Bank of America (BofA) offers a forecast that the Korean won (KRW) will appreciate against the U.S. dollar, anticipating an exchange rate of 1,395 USD/KRW by the conclusion of 2026. This expectation unfolds even as the won currently faces downward pressure.
The bank's evaluation suggests that recent government efforts have not been enough to fully stop the depreciation of the won, despite acknowledgement of the currency's weakness by the U.S. Treasury Department. As the currency remains under pressure, it is expected that political factors will mount, seeking greater measures to stabilize the won.
Retail investor portfolio withdrawals continue to be the dominant factor behind the won's weakening. In response, the Korean government enacted a capital gains tax reduction on the sale of foreign equities on December 23, 2025. BofA views this step as a targeted attempt to curb these capital outflows.
Additionally, the bank suggests that further tax incentives could play a role in restoring balance between supply and demand dynamics within Korea's foreign exchange markets. Korean investors' foreign equity holdings are heavily concentrated in U.S. technology firms, which represent a significant segment of their portfolio exposure.

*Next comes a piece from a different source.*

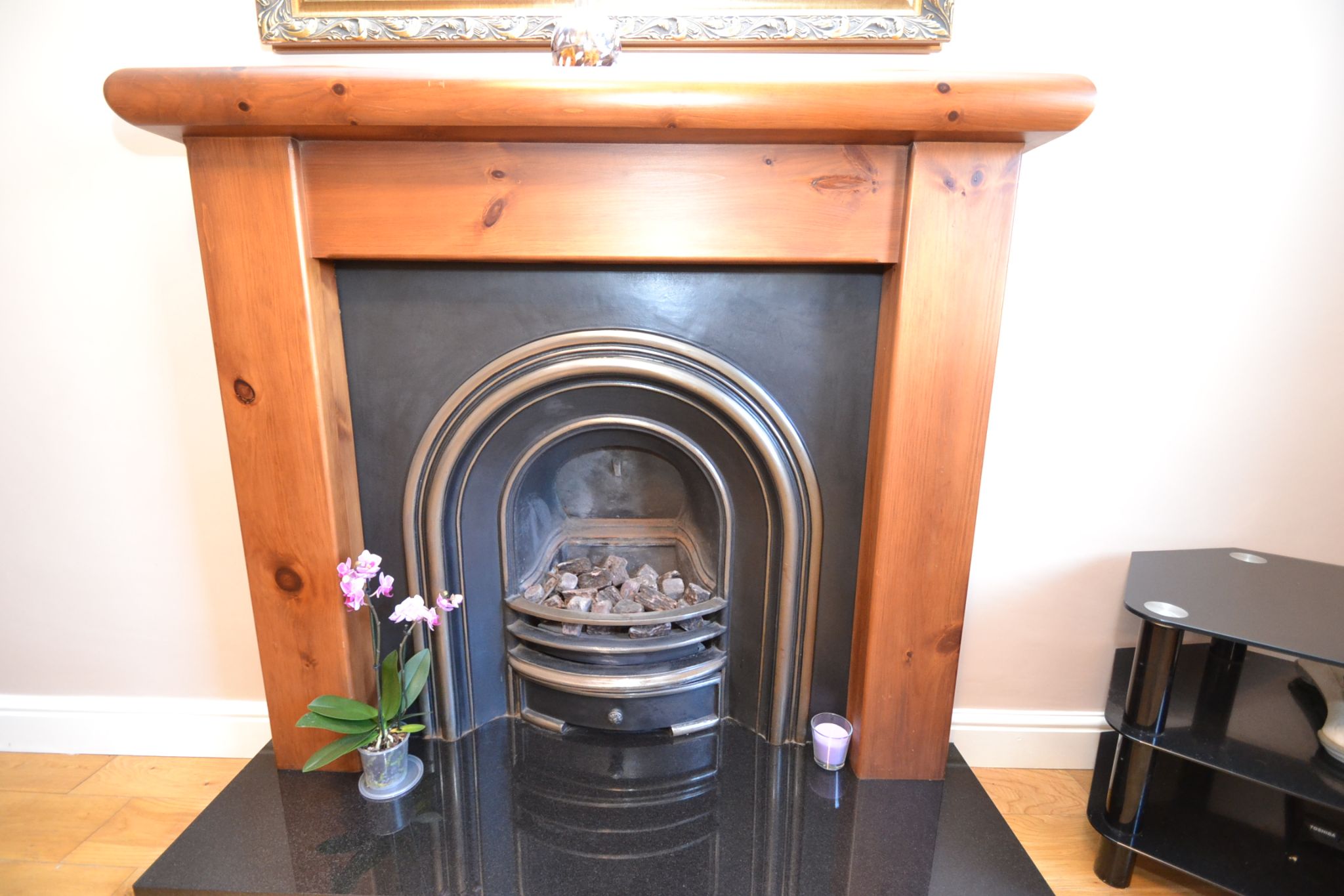 Lounge: 5.00m x 3.40m (16'4 x 11'1). Upvc dg window to front, radiator, solid oak wood floor, picture rail, pine fireplace surround with a cast iron fireplace and living flame coal gas fire and granite hearth.

BofA's analysis points out that a considerable market adjustment within the U.S. technology sector could prompt Korean investors to repatriate funds back into domestic markets, an action that would likely enhance the value of the won.
This currency outlook is framed by the interplay between governmental fiscal policies, investor behavior, and external market sectors, particularly the U.S. technology industry.